**About this exercise**
Every line from the one with "3、冥想助眠引导:提供睡前冥" to the final line of the records should be printed exactly as it is, with pictures left out.

Stored records
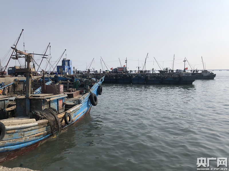 青島紅島漁港碼頭,多艘漁船往來(lái)打撈運(yùn)送海星(記者王偉 攝)
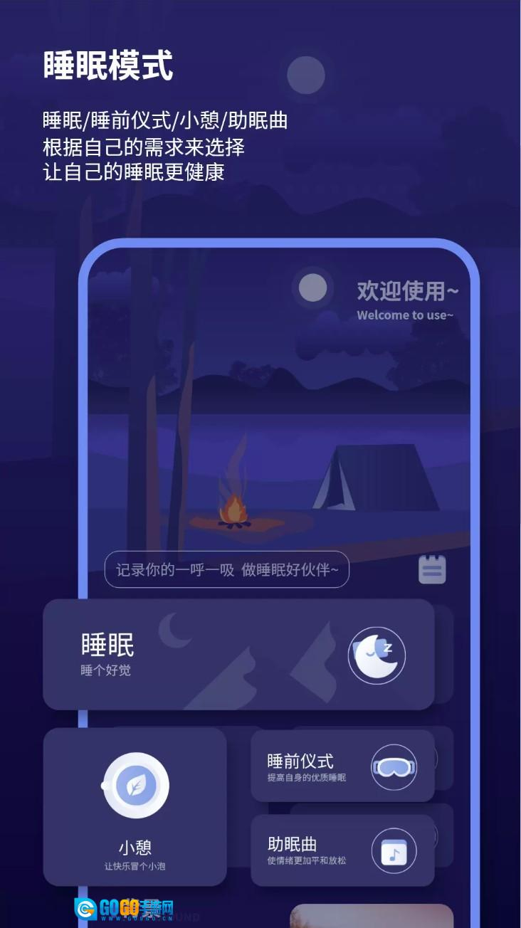3、冥想助眠引导:提供睡前冥想练习内容,帮助用户放松思绪,一键进入舒缓状态以助入眠。
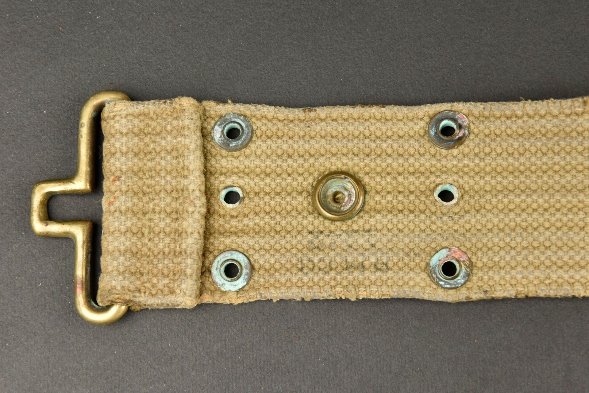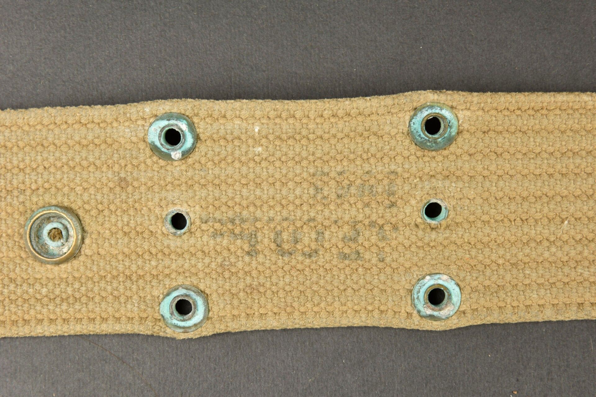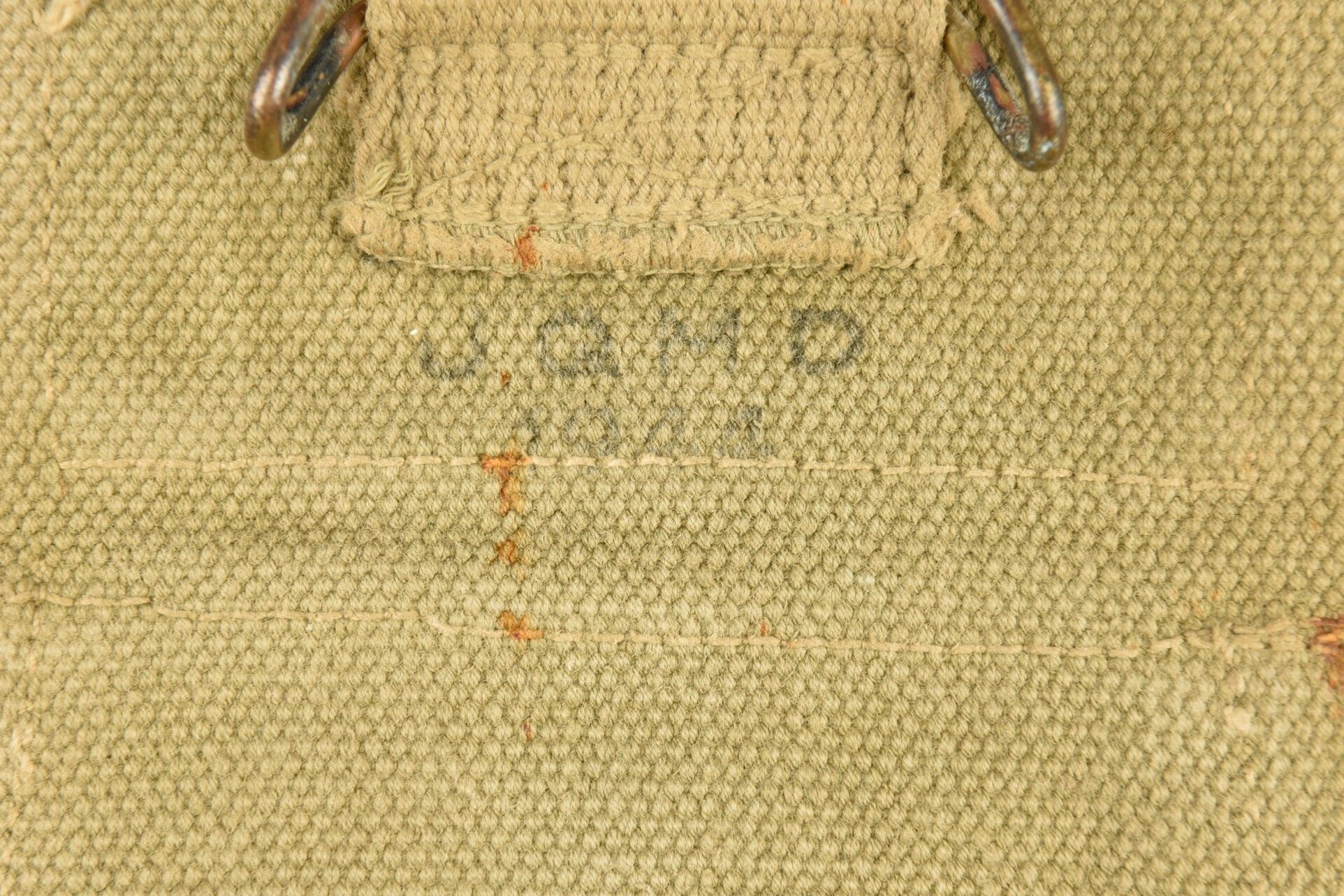 US M-36 belts. Two OD canvas belts. Brass and metal buckles. The markings are illegible. Attached is a heavy OD canvas grenade pouch with three compartments. The press studs are functional. Nice US marking on one flap. Made by JQMD 1944. The thigh straps are incomplete. Some wear, patina and stains. Condition II+. 2+
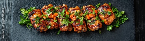 Delicious grilled chicken thighs garnished with fresh herbs.
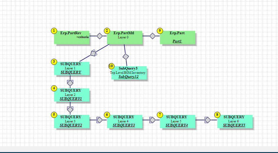 I am trying to create a indented BOM query that also includes current on-hand inventory from multiple warehouses. I have a subquery created that is getting the summation of the on-hand quantities, which seems to be working. Also, the Indented BOM seems to be working pretty well. What I am struggling with is the on hand quantity does not show up for the last level in the indented BOM (essentially the raw material or purchased part level). I am not sure why this is not showing up.

**Completed exercise**
3、冥想助眠引导:提供睡前冥想练习内容,帮助用户放松思绪,一键进入舒缓状态以助入眠。
 US M-36 belts. Two OD canvas belts. Brass and metal buckles. The markings are illegible. Attached is a heavy OD canvas grenade pouch with three compartments. The press studs are functional. Nice US marking on one flap. Made by JQMD 1944. The thigh straps are incomplete. Some wear, patina and stains. Condition II+. 2+
 Delicious grilled chicken thighs garnished with fresh herbs.
 I am trying to create a indented BOM query that also includes current on-hand inventory from multiple warehouses. I have a subquery created that is getting the summation of the on-hand quantities, which seems to be working. Also, the Indented BOM seems to be working pretty well. What I am struggling with is the on hand quantity does not show up for the last level in the indented BOM (essentially the raw material or purchased part level). I am not sure why this is not showing up.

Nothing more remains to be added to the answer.